The last four columns of Table 2 show the average values of TPs of each category of papers at entity and document levels. They demonstrate that our results at both levels are consistent with the results of Ke (2019) and Weber (2013), i.e., we have the same order of these 7 categories of papers on the translational axis as they did. Specifically, papers assigned cell/molecular or animal-related MeSH terms with minor TPs (TPE_C = − 0.24, TPE_CA = − 0.27, TPD_C = − 0.21, and TPD_CA = − 0.18) are more orientated to basic science, while the papers having only human-related MeSH terms with larger TPs are more clinical (TPE_H = 0.24, and TPD_H = 0.40).

Table 2 Comparison between our results and previous studies on ACH classification

Based on the above validations and related studies, we conclude that our proposed method is of good reliability and consistency. In the next sections, we will present the results of the translational progressions (TPs) of biomedical papers from three different dimensions, i.e., overall, time, and research topic.

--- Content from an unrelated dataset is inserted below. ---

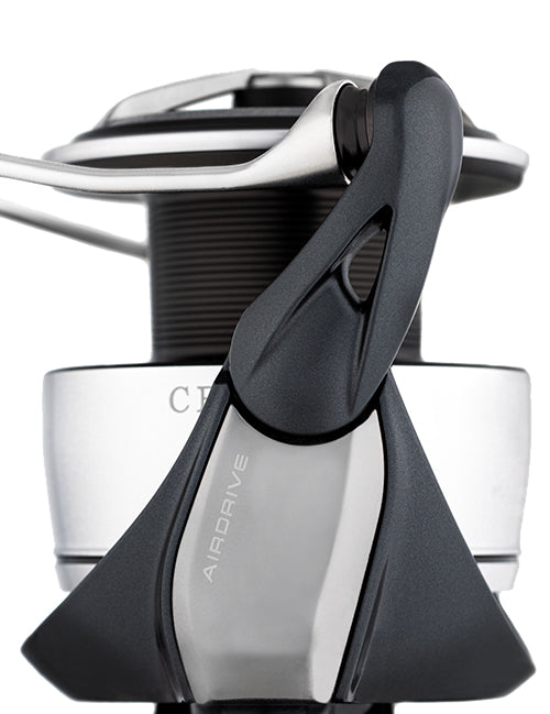 Daiwa's new Airdrive Design, a four pillar (Airdrive Rotor, Airdrive Bail, Airdrive Spool, and Airdrive Shaft) design concept that reduces weight, and enhances rotational smoothness and responsiveness to create a reel that is next level in both form and function.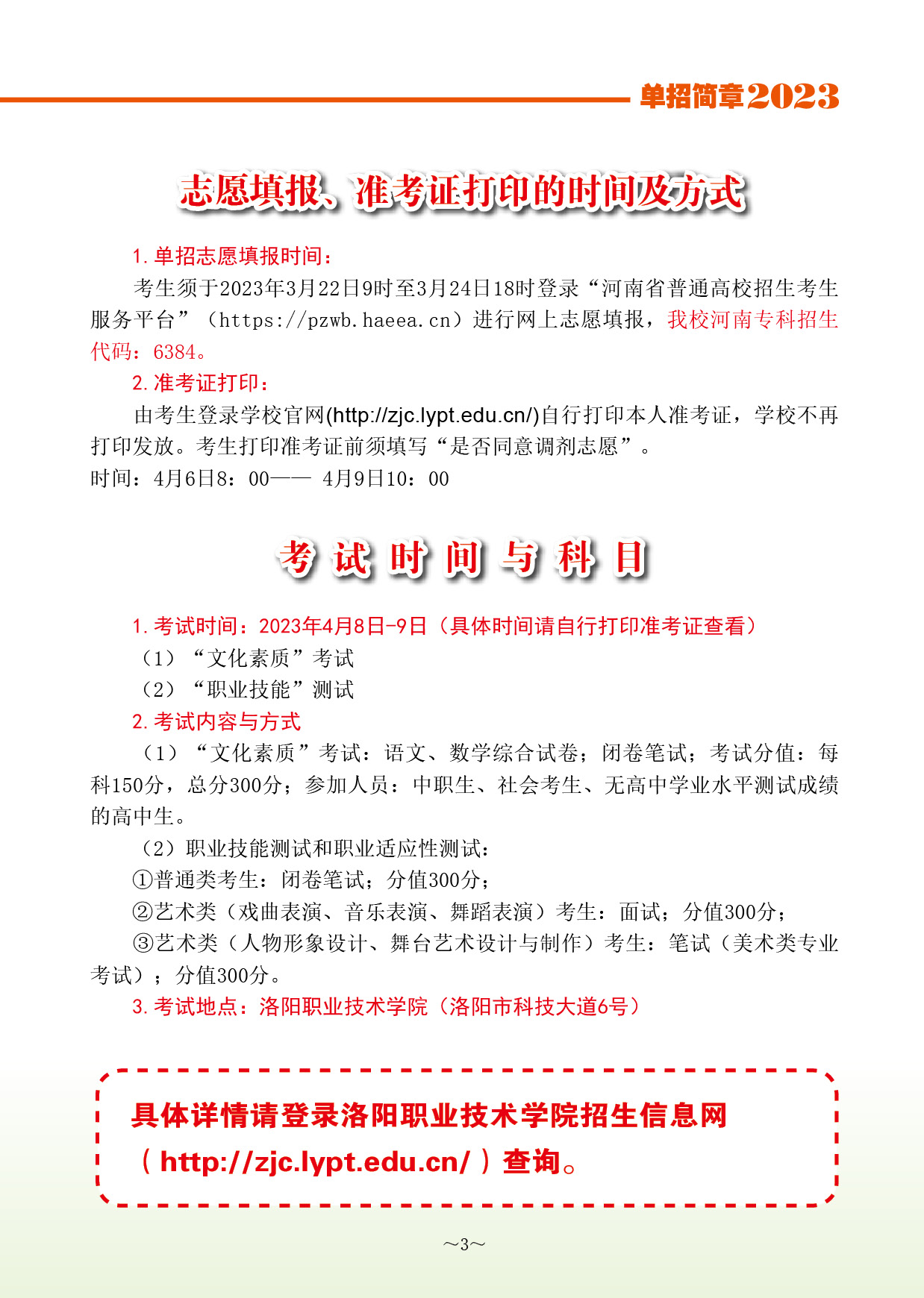 洛阳职业技术学院2023年单招简章

Understanding the translational progressions of biomedical papers

Distribution of the translational progressions

The overall distributions of the translational progressions (TPs) of over 30 million biomedical papers in PubMed 2020 Baseline at the entity and document levels are displayed in Fig. 5, in which the red lines plot the density function curves, the purple lines flag the average values of TPs of all papers at two levels, and the total area of blue shade under the density function curve is 1. We can observe that the density distributions of TPs of biomedical papers have two peaks at both levels, and the density of the right peak is much higher than the left one. According to the average values of TPs of the 7 categories of papers (Table. 1), we can find that the left peaks (TPE = − 0.25 and TPD = − 0.23) point to the C and CA papers, accounting for about 17.7% of all the PubMed papers; and the right ones (TPE = 0.24 and TPD = 0.40) point to the H papers, making up about 48.1% of all the PubMed papers. This indicates that basic research and clinical research constitute the two polarities of biomedical research, while the density of translational research (the depression between them) is much less.

Fig. 5

The overall distributions of the translational progressions (TPs) of biomedical papers at the entity and document levels

Besides, we also find that there is an obvious difference between the distributions of TPEs (the figure above) and TPDs (the figure below) of biomedical papers from Fig. 5. For example, the range of TPEs is much wider than that of TPDs, while the distance between the left and right peaks of TPDs is larger than that of TPEs. This interesting observation raises a question about the relationships between the TPEs and TPDs of biomedical papers. To answer this question, we further plot the heatmap of the TPE-TPD pairs, as shown in Fig. 6.

Fig. 6

The heatmap of TPE-TPD pairs

In Fig. 6, a particular TPE-TPD pair is represented by a hexagon, the color of which reflects the number of this particular pair in all the PubMed papers. The yellower and brighter the color, the greater the number of the TPE-TPD pair; the darker and purpler the color, the fewer the number of the TPE-TPD pair. From Fig. 6, we can find that there is a significant positive relationship between the TPEs and TPDs of biomedical papers (Pearson coefficient = 0.893, P value = 0.000; and Spearman coefficient = 0.942, P value = 0.000). Generally, for a specific biomedical paper, the larger the value of TPE, the larger the value of TPD. This illustrates that our two proposed methods have good reliability and consistency. In addition, in most cases, for a particular biomedical paper, the value of its TPD is larger than that of its TPE, especially for TPE > 0.2.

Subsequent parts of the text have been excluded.